Pine Bluff was often described in the media as a “war zone” and “the worst place to live in America” but through the support of local leaders and volunteers, the good about the community is outweighing the bad.
GFPB strategy for redeveloping, repurposing and revitalizing downtown Pine Bluff is transforming off the blue print into a visual delight.
According to a newsletter released by the organization, the Economic Development’s Pillar to establish The Generator (an innovation hub) and the Quality of Life’s Pillar Downtown Historical District initiative is looking promising for the future of the city.
“Although Streetscape has been in the works for several years, we finally see it become a reality,” said GFPB in their newsletter. “This project, as well as others by many organizations, is working towards making downtown the place to be.”
Funding for Streetscape comes from the Penny for Progress sales tax that was passed in 2011, as well as a $1M grant from the Arkansas Highway and Transportation Department.
GFPB and the Community and Economic Development Department teamed together to secure a $350K Delta Regional Authority Grant for additional funding and $2M from the City of Pine Bluff. The Arkansas State Highway Commission awarded $500K for the project in 2015.
Over $200K has been allocated for the construction of the 601 Main Street Plaza with the 2017 5/8th cent sales tax through the Pine Bluff Urban Renewal Agency.
Dr. Ryan Watley, CEO of Go Forward Pine Bluff, said last week that the Urban Renewal Agency was gearing up to remove blight from the community after efforts were stalled.
According to the newsletter, PBURA crews are on target to surpass all of last year’s demolitions by the end of the second quarter.
Watley has also proposed an updated First responder Incentive Program for 2020 that both the Chief of Police Kelvin Sergeant and Fire Chief Shauwn Howell, are in favor of.
A public private review committee established by Mayor Washington created a strategy to retain the quality and professionalism of the first responder force through effective recruiting, continuing education, and competitive salaries.
The first responder homebuyer assistance program would aid full time City of Pine Bluff uniform police and fire officers by making 0% interest loan up to $10,000 which could be used for any combination of down-payment and or interest reduction required by the lender along with additional cost associated with purchasing a home.
The funds can also be used for home improvement.
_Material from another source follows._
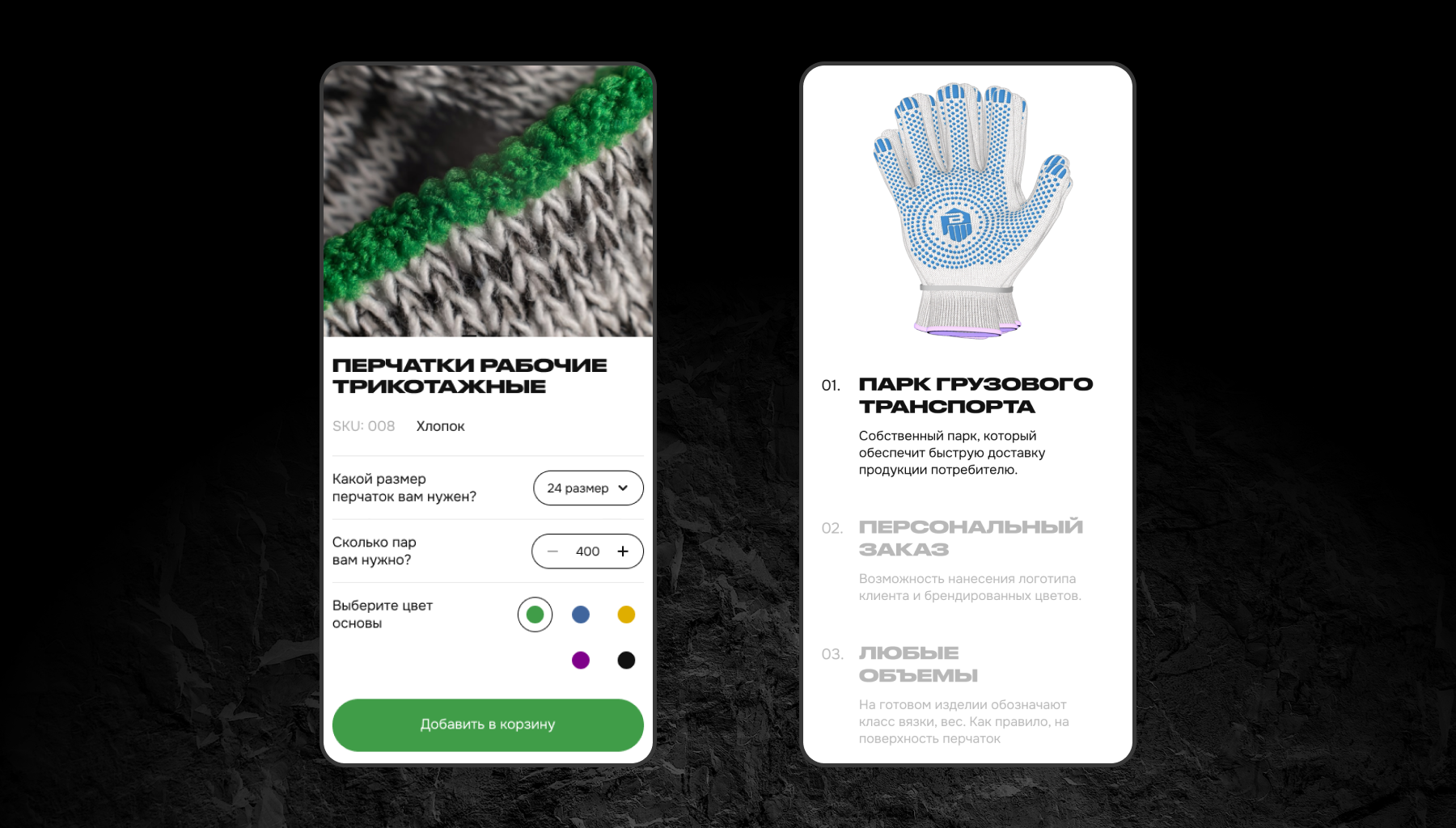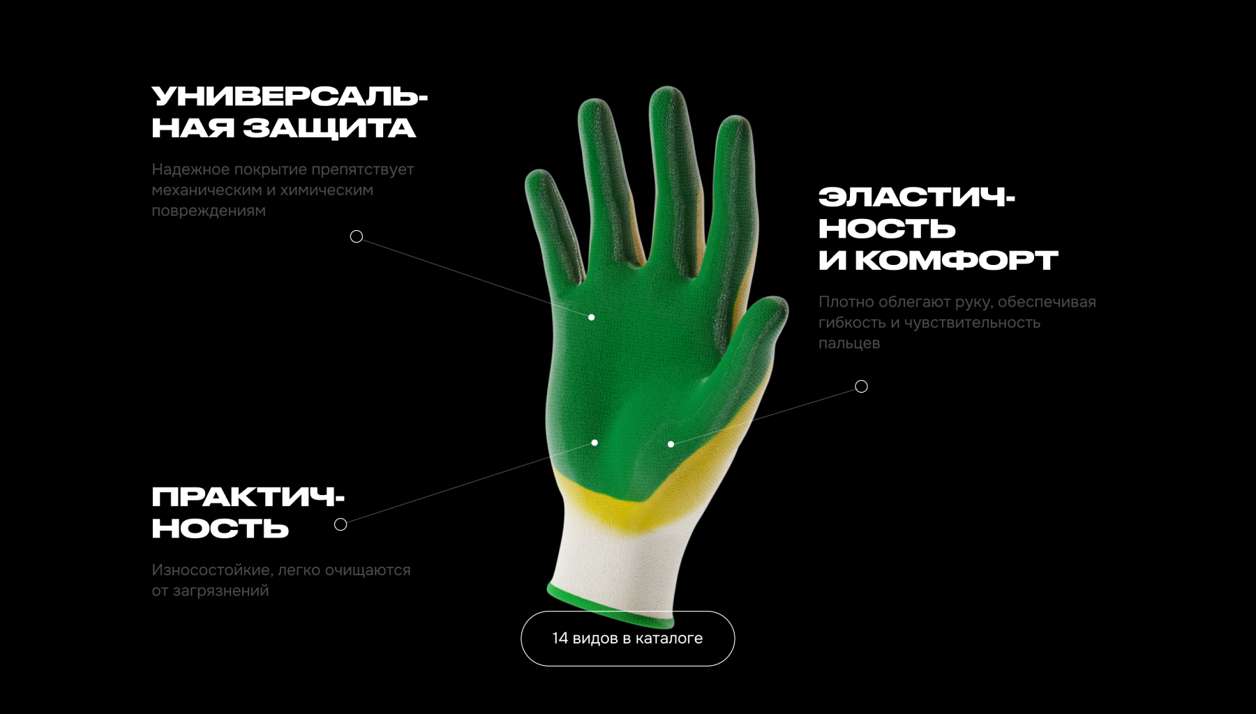 Нужно было за два месяца разработать сайт, который представит обычные рабочие перчатки так, как будто это смартфон Apple. С каталогом и фильтрами, анимациями, а также с удобной административной панелью: для управления вакансиями, формами обратной связи с заявками на покупку и так далее.

New construction is also eligible. There is no limit to the price of the home that can be purchased as long as the home is within the City limits of Pine Bluff
First responders who are existing home owners are eligible for up to $5,000 (five thousand) in home repairs. Payment for home repairs will be subject to procurement laws and made directly to qualified licensed subcontractors.
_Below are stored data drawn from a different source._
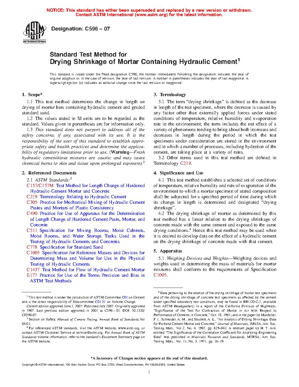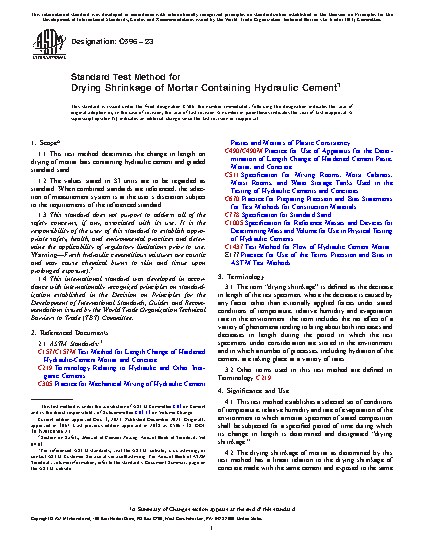 1.1 This test method determines the change in length on drying of mortar bars containing hydraulic cement and graded standard sand.
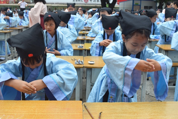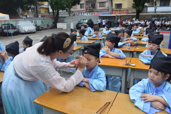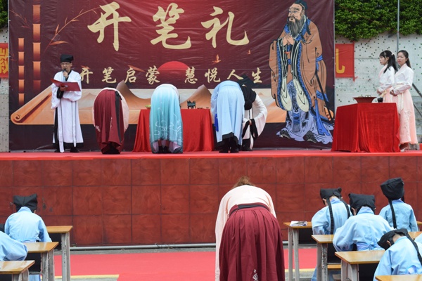 本次“開筆禮”儀式包括:正衣冠、禮拜先師、敬謝父母、敬拜師長、朱砂啟智、書字明理、擊鼓鳴志、經(jīng)典立志等多個(gè)環(huán)節(jié)。
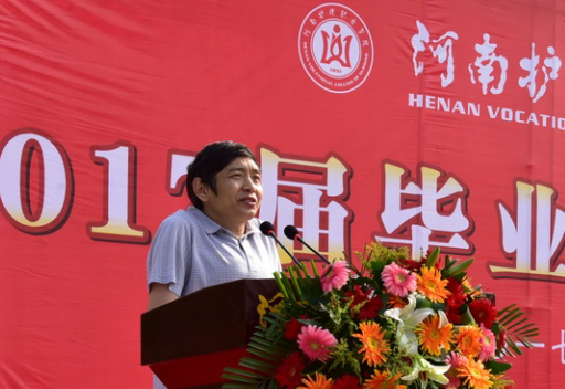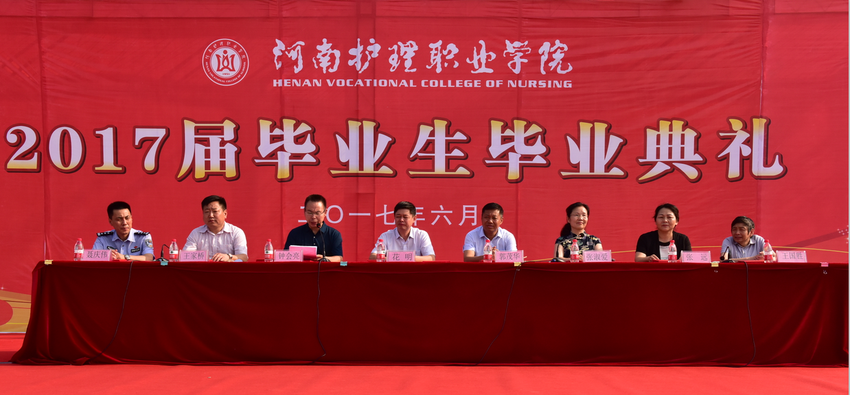 毕业典礼在雄壮的国歌声中拉开帷幕。副院长王家桥宣读了《河南省教育厅关于表彰2017年河南省优秀应届大中专毕业生的决定》,今年我院共有82名大中专毕业生被评为河南省优秀应届大中专毕业生。纪委书记张远宣读了2017届1761名大专毕业生名单。全体领导为毕业生代表颁发毕业证书。
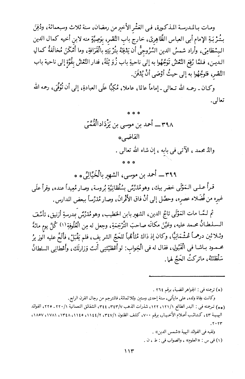 **) ترجمته فى: البدر الطالع 1/ 121، 122، شذرات الذهب 7/ 343، 344، الشقائق النعمانية 1/ 220 - 225، الفوائد البهية 43، كتائب أعلام الأخيار، برقم 700، كشف الظنون 1/ 347، 2/ 1144، 1145، 1348، 1781، 1857، 2023. و لقبه فى الفوائد البهية «شمس الدين».
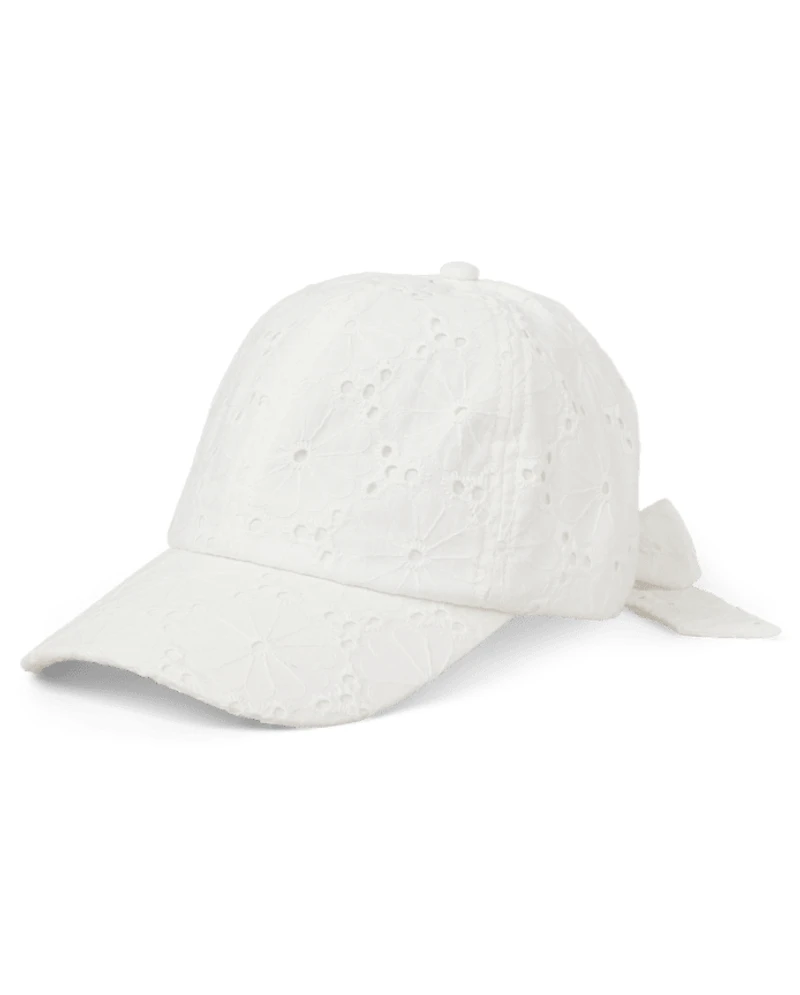 Girls Bow Back Embroidered Eyelet Baseball Hat
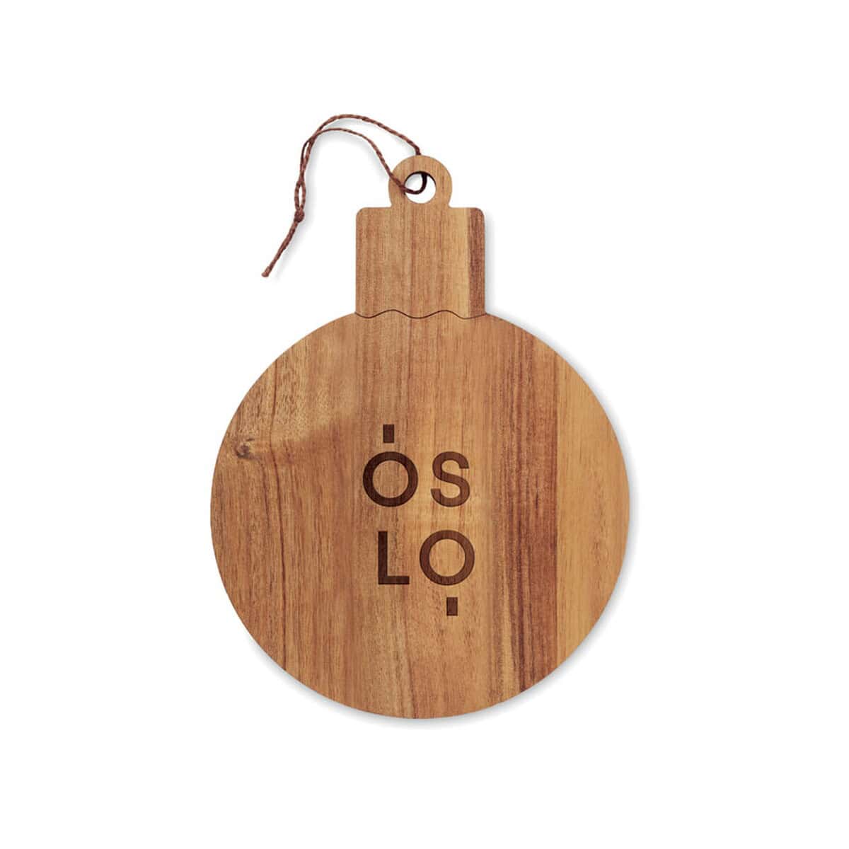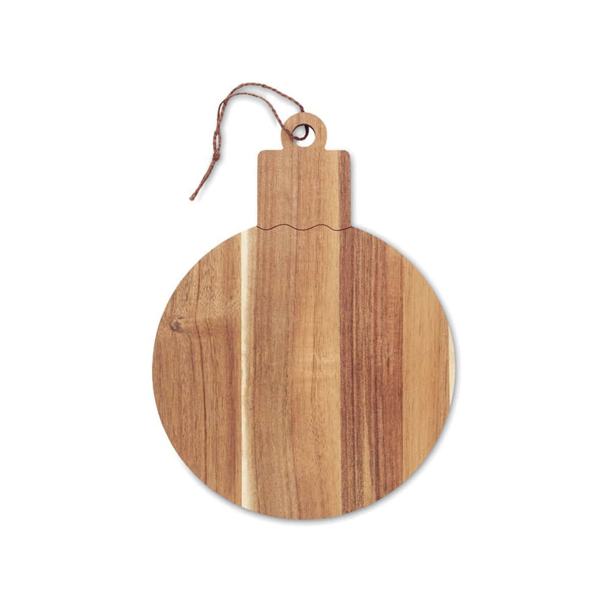 Akacjowa deska do serwowania ACABALL to wyjątkowy gadżet, który wniesie powiew naturalnej elegancji na każdy stół. Wykonana z pełnego drewna akacjowego w finezyjnym kształcie bombki choinkowej, zachwyca wyrazistym usłojeniem i przyjemnym w dotyku wykończeniem. Dzięki starannie zamocowanemu sznurkowi z PU można ją zawiesić w widocznym miejscu, eksponując firmowe logo lub artystyczny nadruk 🎄. To doskonały wybór jako upominek reklamowy — sprawdzi się w branży gastronomicznej, hotelarskiej, a także w sklepach z produktami ekologicznymi czy salonach wyposażenia wnętrz. Klienci zapamiętają taki prezent, a marka pozostanie w ich świadomości na długo.

According to the proposal, standard credit regulations would still apply to the housing incentive program. However, assistance would be available for non-automatic qualifiers through secondary market lenders and credit repair assistance.
Down payment, closing cost and or home repair loans will be structured in the form of a 0% interest five-year forgivable loan.
Public safety officers are required to serve as a uniform officer for five years for the loan to be forgiven. Voluntary resignation and/or termination before the five-year forgiveness period will result in repayment of the loan.
Wately said the intent of the program is to recruit first responders for the Pine Bluff Police and Fire Department so departments can fulfill their staffing needs.